While business models and regulatory allegations are completely separate, the one similarity for both Schwab and Robinhood are around customer education and communication, said Sophie Schmitt, senior analyst with Aite Group.

“Schwab positioned their offering as superior because of the absence of an AUM fee and Robinhood positioned options trading as available to anyone with insufficient risk disclosures and investor education,” she said. “The Robinhood failures seem to me to be more egregious, so it’s interesting that the fine is lower than the one being levied on Schwab.”

CASH DRAGS

Schwab’s possible $200 million fine will help push not just robo-advisers but the financial advice industry as a whole towards increased transparency, said David Goldstone, manager of research and analytics at Backend Benchmarking. To start, firms need to review how their robo-advice product generates revenue.

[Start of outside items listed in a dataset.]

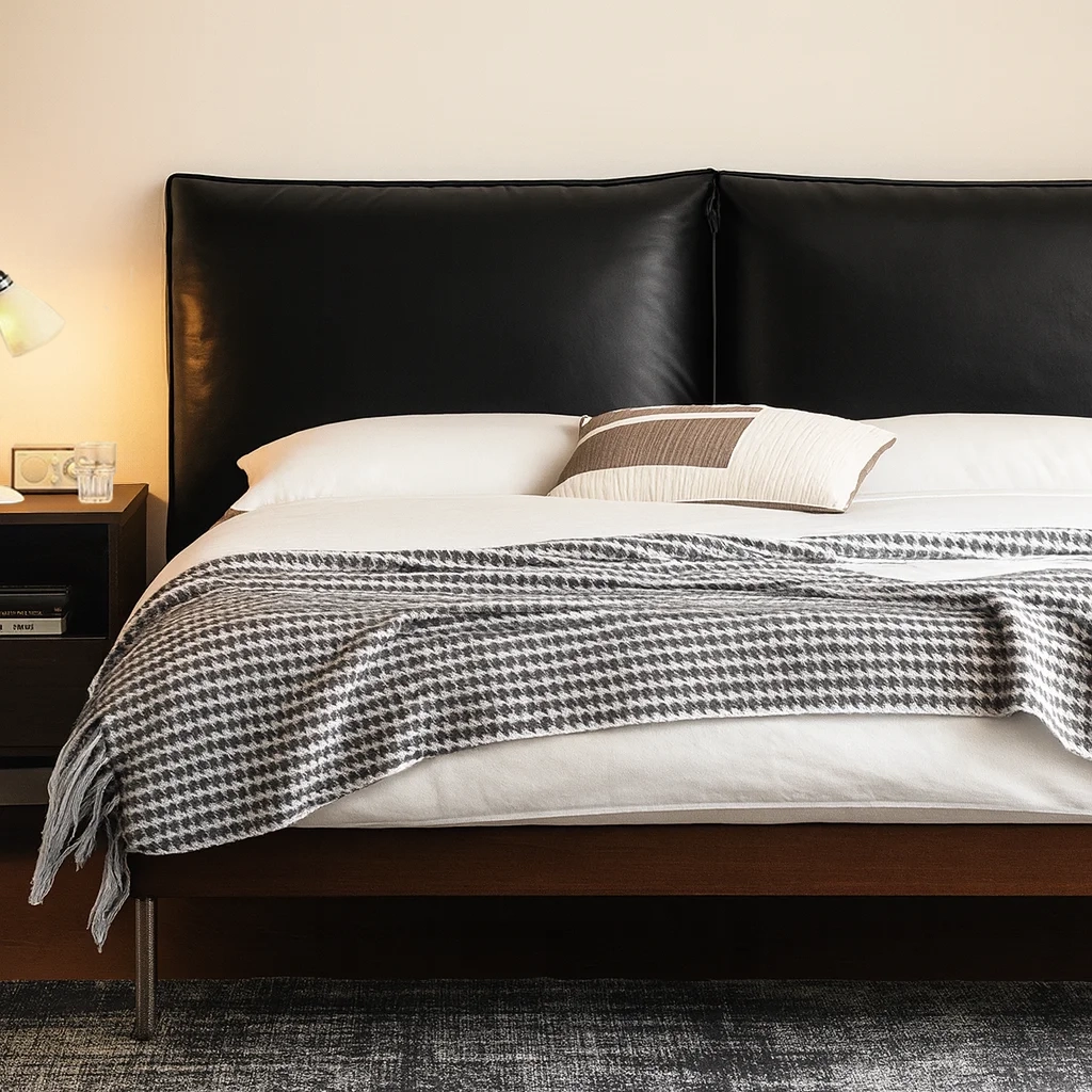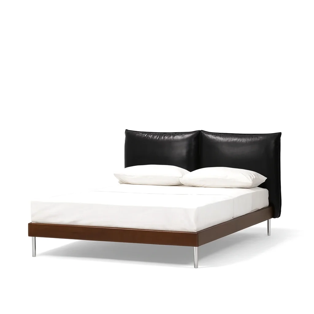 Эта модель сочетает натуральные материалы и современную конструкцию. Изголовье выполнено из натуральной кожи с мягким наполнением из хлопка, шёлкового волокна и многослойной фанеры, что создаёт комфортную поддержку. Каркас из ясеня придаёт конструкции прочность, а металлические ножки добавляют лёгкости и визуальной динамики. Основание из многослойной древесины класса E0 с антискользящим покрытием обеспечивает надёжность и долговечность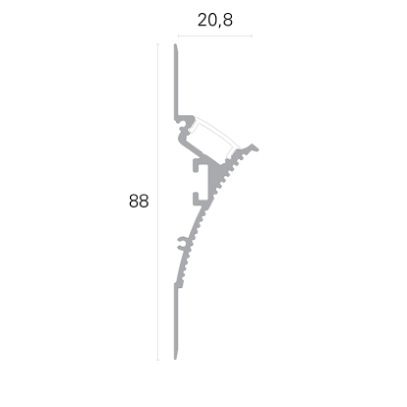 Profil arhitectural din aluminiu pentru bandă LED, conceput pentru montaj ascuns vertical, fără margini vizibile. Acest profil trimless permite crearea unor linii de lumină indirectă elegante pe perete, oferind un aspect minimalist și un efect vizual modern. Finisat în culoare alb mat și compatibil cu diverse tipuri de benzi LED (nu este inclusă în pachet), profilul este ideal pentru proiecte de iluminat interior în locuințe sau spații comerciale. Accesoriile de montaj se achiziționează separat.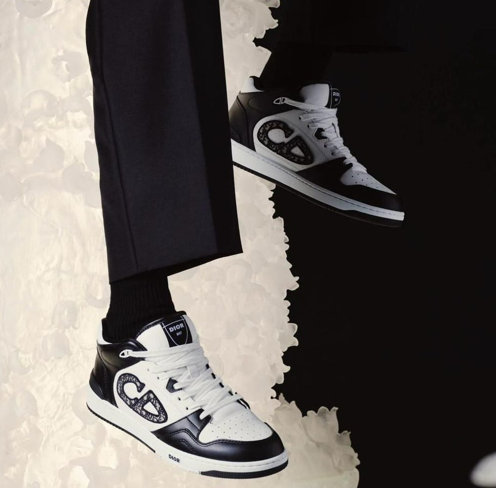 Black and white smooth calfskin CD signature in beige and black Dior Oblique jacquard on the side...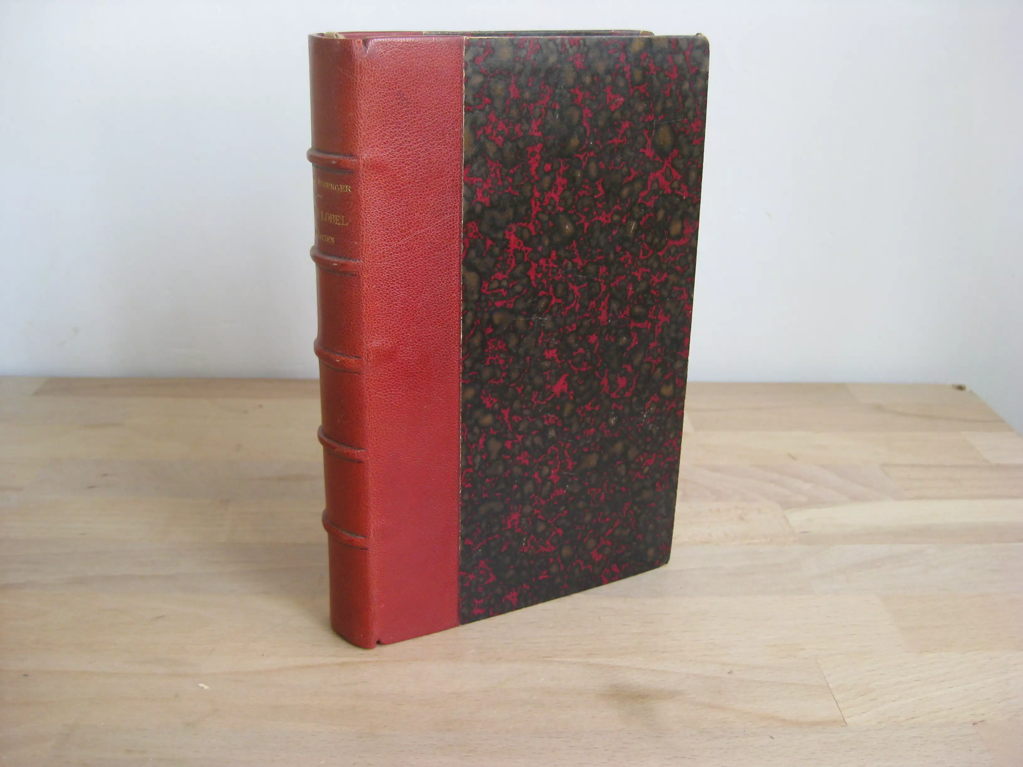 Librairie Plon – Demi-chagrin rouge à petite grains, dos à faux-nerfs orné du titre et de l’auteur, 190 x 125, 295p. Sans date. Très bel exemplaire, intérieur comme reliure, propre, intègre, bien ferme.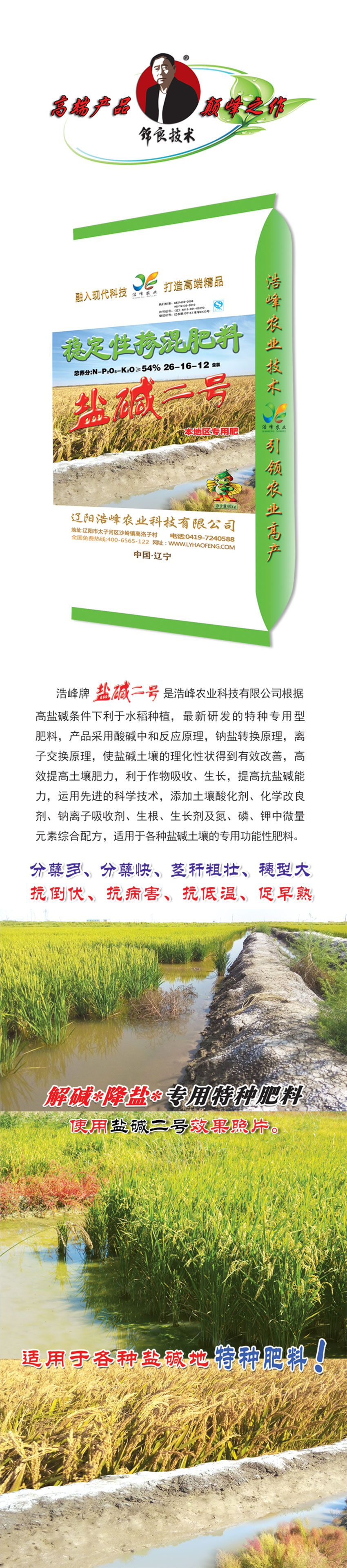 浩峯牌鹽堿二號昰浩峯辳業科(ke)技有限公司根(gen)據高鹽堿條件下利于水稻種植,最新研(yan)髮的特種專用型肥料,産品採用(yong)痠堿中咊反應原理,鈉鹽轉換原理,離子交換原理,使鹽堿土(tu)壤的理化性狀(zhuang)得到有傚改善,高傚提高土(tu)壤肥力,利(li)于作物吸收、生長,提高抗鹽堿能力,運用先進的科學酰砑油寥浪嶧痢⒒Ц牧技痢⒛評胱(guang)遊佔痢⑸⑸ぜ良(liang)晻⒘住⒓刂形⒘吭刈酆嚇浞劒視糜詬髦盅渭(wei)鍆寥顂淖ㄓ黴δ苄苑柹稀�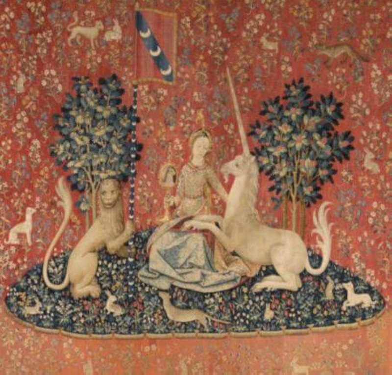 La licorne fait sa première apparition dans la célèbre série de tapisseries « La Dame à la Licorne », réalisée vers 1500. Cette tenture représente une femme, accompagnée d’une créature imaginaire : un cheval blanc à la barbichette de bouc, aux pieds fourchus et portant une corne sur la tête.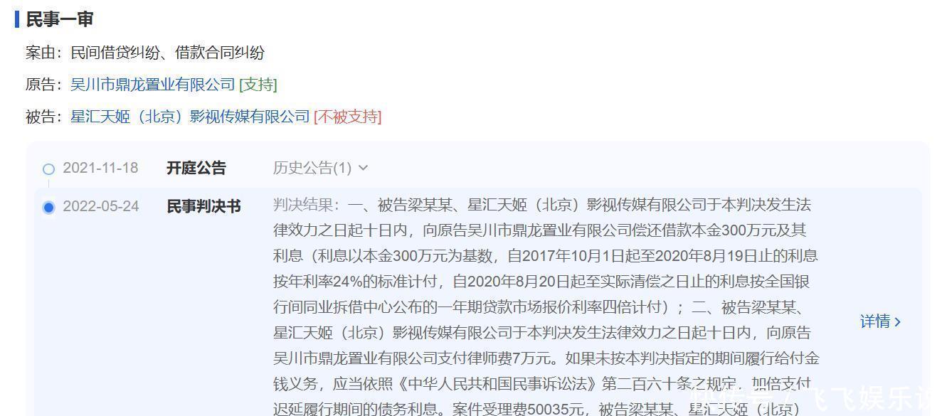2022年5月,梁婷陷入一則民間借貸糾紛、借款合同糾紛,大體是梁婷向人借了300萬,到期本金利息都沒還,被判決后仍不還款,乃至于2023年6月又被告了。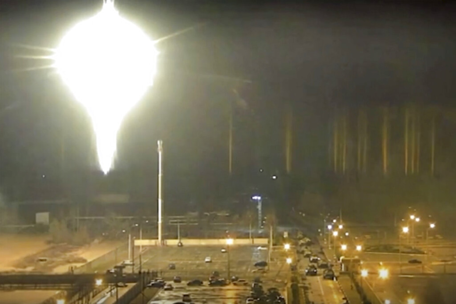 7 ^* j$ Z$ @- F3 H% l. h公仔箱論壇扎波羅熱核電廠疑似被攻擊時的狀況,照片可見閃光物墮落至核電廠的位置。(美聯社)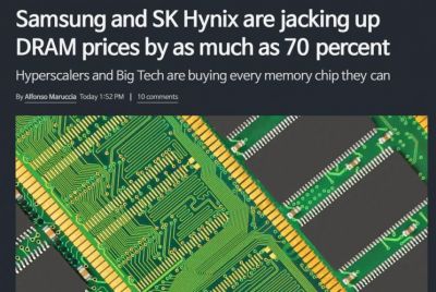 한국 소식통에 따르면, 삼성과 SK하이닉스는 AI 관련 금융 거품이 지속되는 동안 메모리 칩 가격을 인상할 의향이 충분히 있다고 합니다. 두 회사는 주요 고객사들에게 서버용 DRAM 가격이 작년 4분기 대비 최대 60~70%까지 인상될 수 있다고 통보한 것으로 알려졌습니다.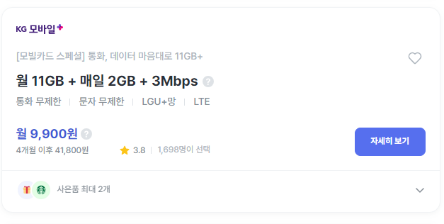 | KG모바일 | [모빌카드 스페셜] 통화, 데이터 마음대로 11GB+ | 9,900원 | 4개월 이후 41,800원 | 바로가기 |
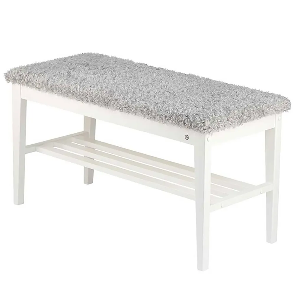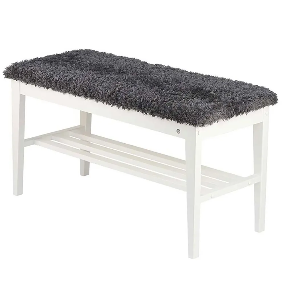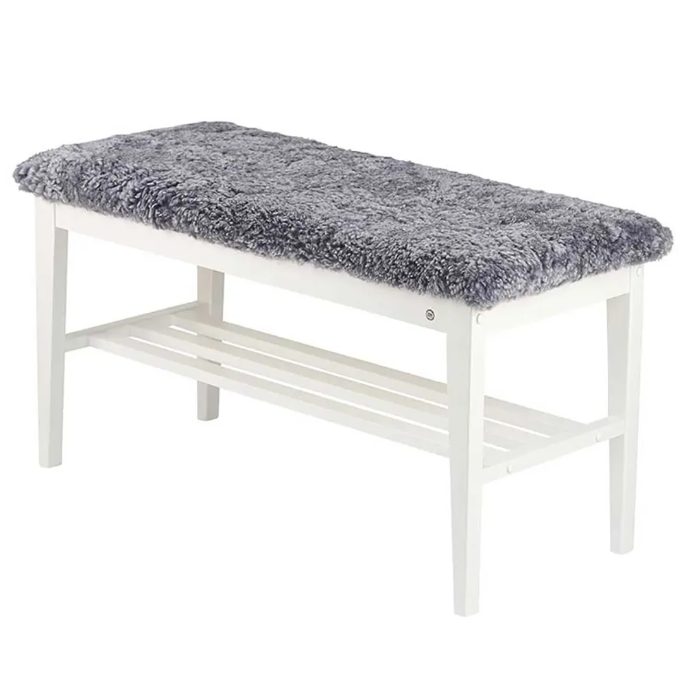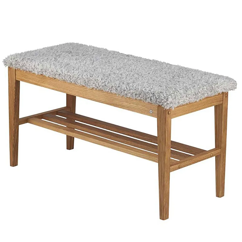 Nadja Bench Black stained Oak/Sheepskin look light grey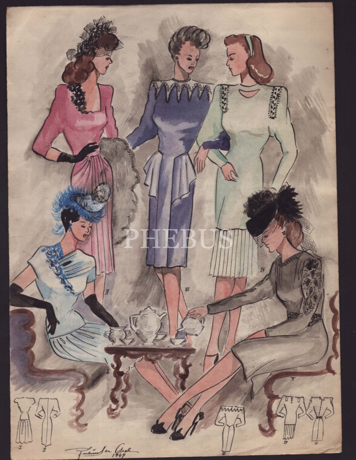 Gülümser Aral´ın ıslak imzalı, 1947 tarihli kıyafet çizimi, 25x34 cm...

“If it is generating revenue from cash holdings in the portfolio, payment for trade order flow, holding proprietary funds or other methods outside of a management fee, then the marketing materials and disclosures need to be reviewed to ensure that clients fully understand the full costs of the service,” Goldstone said. 

Investors aren’t charged a fee on the Schwab platform, but they do incur expenses charged by the underlying ETFs, some of which are proprietary. The service would also direct a client’s funds into cash, ranging from 6% to 22.5%, depending on a client’s risk profile.

While it is difficult to quantify how much the large cash allocation at Schwab has held back the growth of clients’ portfolios, a high cash allocation creates a cash drag on a portfolio, Goldstone said. 

“Over a long time period, even a relatively small impact on the growth of a portfolio can make a significant difference in the value of that portfolio when that growth is compounded over years or decades,” he said. 

In Robinhood’s case, the blurry line between offering users customer service versus financial advice is growing thicker, and the startup’s compliance program is likely struggling to keep up, Kamin said. 

Robinhood has made it clear that its financial adviser recruits will not be used to provide financial advice, rather, customer service. Yet Robinhood’s IPO filing does note its investment education tools could subject the firm to additional risks as it cannot guarantee it won’t be construed as constituting investment advice or recommendations by customers or regulatory agencies. 

“Robinhood has service reps, but have the employees making those field phone calls been trained as to what they can or cannot do or say?” said Kamin. “Does the person doing the reviewing and monitoring have the expertise to understand what words are considered prohibited by the SEC?”

Like other online brokerages, Robinhood decided on speed to market rather than building a platform that ensured it met basic legal and compliance obligations at federal and state levels, said Peter Dugas, executive director at Capco

“Whether they’re an online broker or robo-adviser using an algorithm to make determinations on investment advice, firms should be ensuring proper policy procedures, disclosures and specific requirements to how the investment advice is being delivered, as well as how it's consumed,” Dugas said. 

With SEC Chair Gary Gensler, who has signaled that he wants the agency to hold robo-advisers to the same standards as other investment firms, Dugas said to expect the new regulatory leader to move effectively and quickly to enforce rules that hold institutions accountable.